My recent post, Sunday Poetry: "Postscript," of Seamus Heaney's poem included the much-beloved photograph shot by Toni Frissell. A friend told me it was also the cover of the 1963 album by Bill Evans and Jim Hall called Undercurent. And here it is.


 

Well, that set me adrift and I found the photo was also the album cover for the 1988 Tears in Rain by This Ascension.





And for Osvaldo Golijov's Oceana.





And for The Beauvilles Whispering Sin.





But wait. The image was also colorized and used as a cover for the Kindle version of the novel Tethered by Amy MacKinnon.

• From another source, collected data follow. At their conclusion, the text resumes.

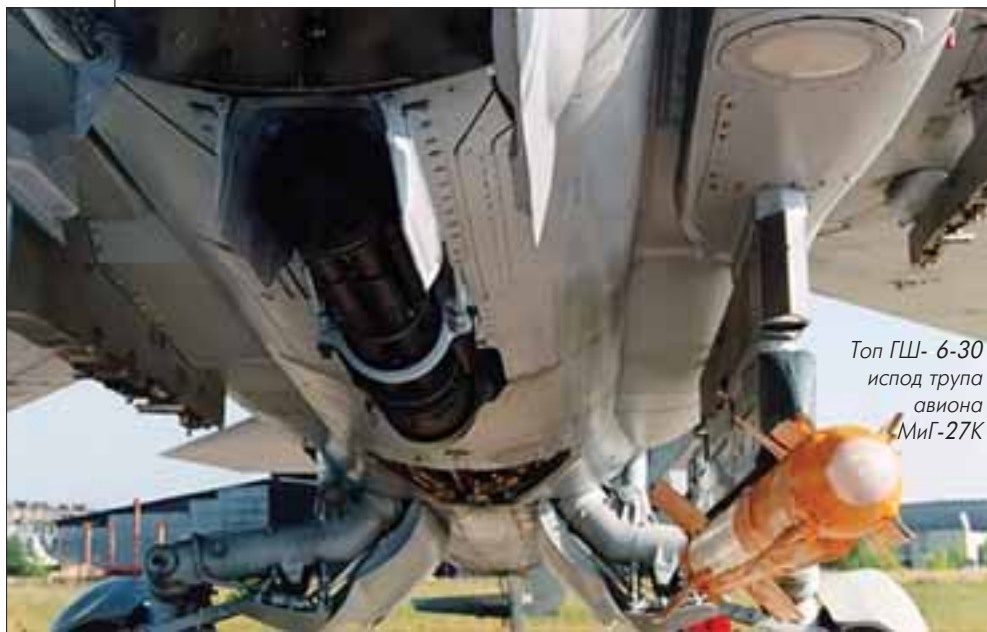
Топ ГШ- 6-30 испод трупа авиона МиГ-27К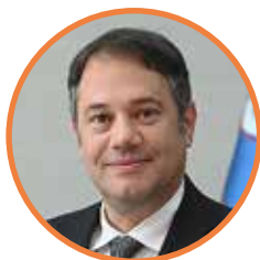
Matej Arčon, minister za Slovence v zamejstvu in po svetu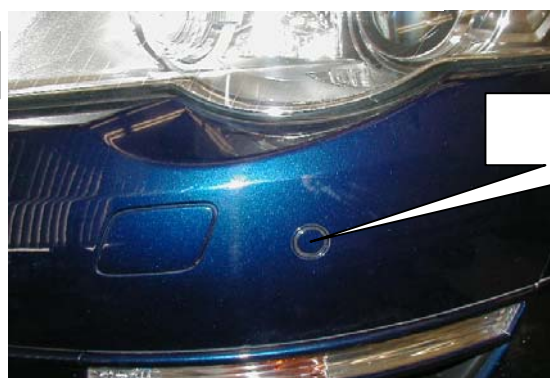
障害物検知センサー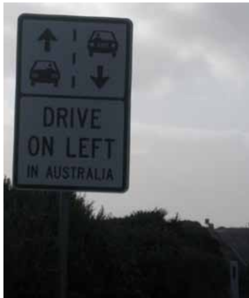
Prometni znak v Victoriji za tujce.

Oče je najprej delal v lesni industriji, mama pa se je kot medicinska sestra zaposlila v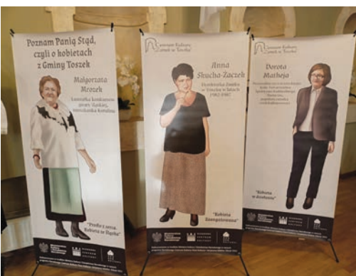
XII Toszecki Jarmark Adwentowy 2022 str. 3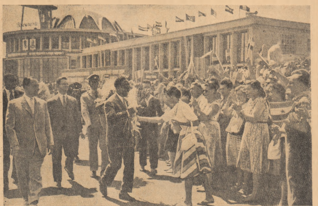
La sosirea pe aeroport.

Miercuri dimineața a sosit la București dr. Kwame Nkrumah, președintele și primul ministru al Republicii Ghana, care, la invitația Consiliului de Stat și a Consiliului de Miniștri al Republicii Populare Romîne, a făcut o vizită oficială în țara noastră.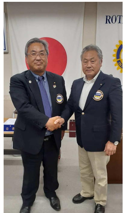
小枝会長（左）と阿部会長エレクト（右）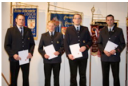
Beförderung zum Oberbrandmeister

In Hinblick auf die Mitgliederzahlen war 2009 ein erfreuliches Rekordjahr für die Meerbuscher Feuerwehr: 264 Feuerwehrfrauen und -männer (7 weiblich, 257 männlich, davon 16 hauptamtliche Kräfte auf der Feuerwache in Osterath), 68 Jugendfeuerwehrleute (14 Mädchen/54 Jungen) und 66 Mitglieder in der Ehrenabteilung gehörten zum Stichtag 31.12.2009 der Meerbuscher Feuerwehr an.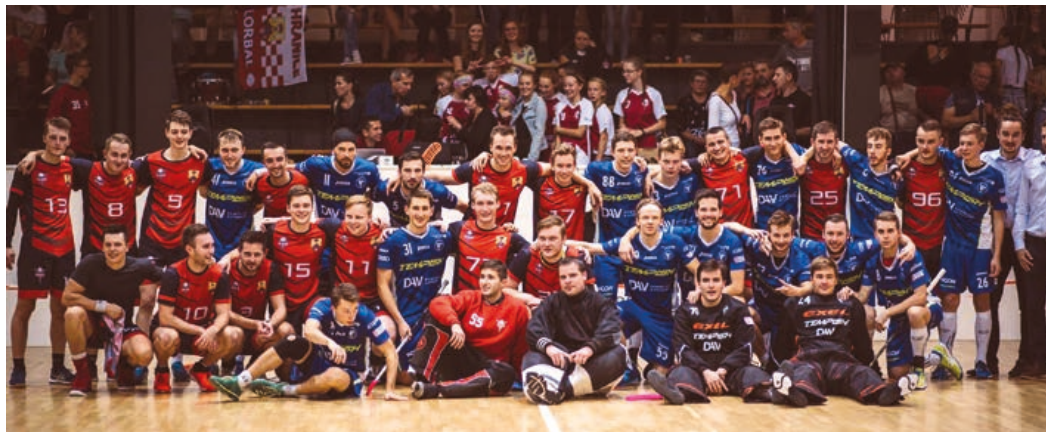
Hraničtí muži slaví postup do Národní ligy.

Mezi úspěchy našeho klubu bych rád vyzdvihl medailová umístění, která vozí z turnajů Olomoucké a Moravskoslezské ligy mladší i starší žákyň. Svou formu potvrdily i 1. místem v celorepublikovém finále základních škol, kde právě tyto dvě kategorie spolu se svými spolužačkami z 6. a 7. tříd ZŠ 1. máje ve finále porazily favorizované hráčky z Florbalové akademie Mladá Boleslav. Díky těmto úspěšným kategoriím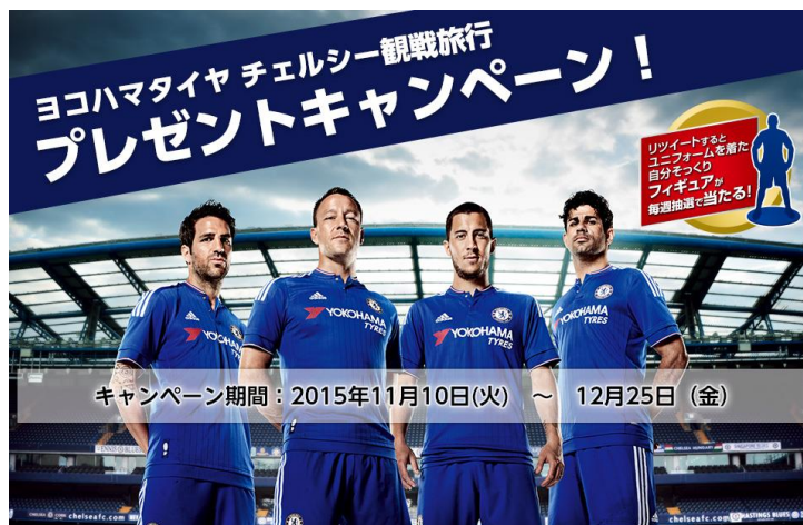
「ヨコハマタイヤ チェルシー観戦旅行プレゼントキャンペーン」の広告

このほか、横浜ゴムの公式 Twitter アカウント (@YokohamaRubber) がツイートする「ヨコハマタイヤ チェルシー観戦旅行プレゼントキャンペーン」に関する情報をリツイートすると、抽選で毎週1名様に、ご自身がチェルシーのユニフォームを着たオリジナルの3Dフィギュアをプレゼントする。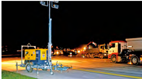
Leistungsstarke Lichtgiraffen aus dem HKL MIETPARK waren unermüdlich im Einsatz.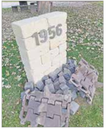
Oktober 23-án avatják az emlékhelyt Görömbölyön

– Bár az 1950-ben Miskolchoz csatolt Görömbölyön nem történt említésre méltó esemény a miskolci megmozdulás során, de a tömegben, mind Görömbölyön élő vasgyári munkások, mind egyetemisták ott voltak, ahogy erről többen szemtanúként meséltek nekem. Nem az akkori rendet, hanem a rezsim haszonélvezőit, a pártelitet, az orosz fennhatóságot akarták végleg felszámolni az akkori tüntetők. A megmozdulásnak és a megtorlásnak voltak áldozatai, sokan olyanok is, akik önkaratukon kívül kerültek a vérzivarba. „Imádkozunk halottainkért, nyújtunk ki kezünket emléküik tisztaságáért!” –invitálja a megemlékezőket az em-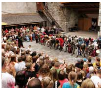
Auch 2009 begeisterte das Burgfest wieder viele Mittelalter-Freunde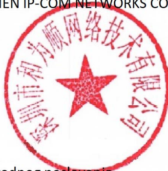
Zhou Jun Menadžer prodaje međunarodnog poslovanja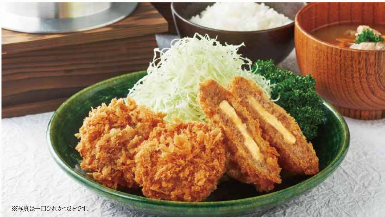
※写真は一口ひれかつ2ヶです。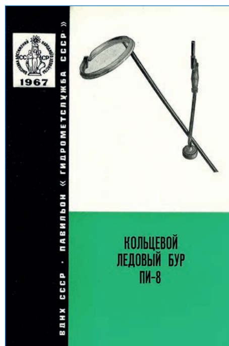
Информационный листок о буре ПИ-8 для Выставки достижений народного хозяйства. 1967 год. Фонды ААНИИ

Бур Черепанова прошел проверку временем, благодаря своей эффективности, простоте конструкции и легкости, его производство продолжается и в настоящее время. Он используется не только ледоисследователями (его применение резко сокращает время и усилия на отбор образцов льда), но и гидрологами при подготовке майн во льду для опускания приборов, при постановке судов на ледовые якоря, гляциологами для отбора кернов из ледников. Его нередко применяют и рыбаки для подготовки лунок во время зимней подледной рыбалки.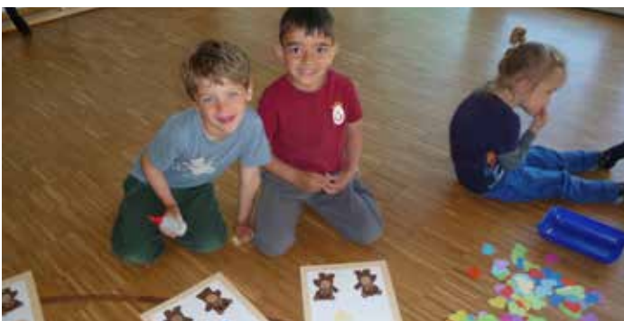
Für jedes Familienmitglied klebten wir ein Herz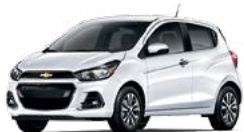
GAZ - BLANC SOMMET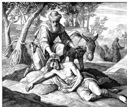
L'homme à demi-mort représente Adam et l'humanité blessés par le péché originel.

vous appelez vos plaies, tout cela n'est qu'un effet de votre imagination, travaillée par des préjugés d'enfance. Dépouillez-vous de tout ce bagage ; nous travaillerons ensuite à vous faire connaître, estimer et suivre la nature. Ses aspirations sont justes et bonnes ; le développement de vos facultés natives vous en convaincra de plus en plus. Ne dites pas que vous avez des plaies ; ne croyez pas à ce que vous appelez de la fièvre ; quant à cette soif, nous avons des calmants ... Vous n'êtes pas malade.

I imagine one of the reasons this photograph is so popular (aside from it being gorgeous) is that it's in the public domain. So that got me started on Toni Frissell (1907-1988), whose portfolio was bequeathed to the Library of Congress upon her death. Here are a few of my favorites:











Frissell obviously liked to shoot around and even underwater. Wikipedia says she was a fashion photographer before WWII, the  official photographer of the Women's Army Corps during WWII, and the first woman on the staff of Sports Illustrated in 1953.

Her much-used image of the woman afloat just under the surface is called Weeki Wachee Springs, Florida. And there's where it was shot in 1947, the first year the springs opened as a tourist attraction, complete with underwater performances by "mermaids." The place became one of those legendary roadside attractions of mid-20th-century America. Here's one of Weeki Wachee's 1950s mermaids.



It turns out that the British band Supergrass shot a music video at Weeki Wachee Springs in 2005, which conveys a history of the place in and around the band playing to the mermaids (and proves that Hans Christian Andersen had it wrong and mermaids, though lovely underwater, can't sing).





The Mermaid (1911) by Edmund Dulac captures the vulnerability of a beached water being... something most of us can probably relate to.



"... The little mermaid swallowed the bitter, fiery draught, and it was as if a two-edged sword struck through her frail body. She swooned away, and lay there as if she were dead. When the sun rose over the sea she awoke and felt a flash of pain, but directly in front of her stood the handsome young Prince, gazing at her with his coal-black eyes. Lowering her gaze, she saw that her fish tail was gone, and that she had the loveliest pair of white legs any young maid could hope to have. But she was naked, so she clothed herself in her own long hair."
-Hans Christian Andersen
The Little Mermaid
Translated by Jean Hersholt

Which brings me back to one of my favorite painters, the Pre-Raphaelite, John William Waterhouse, and his A Mermaid (1901).

























This mermaid was clever enough to keep both her tail and her tongue.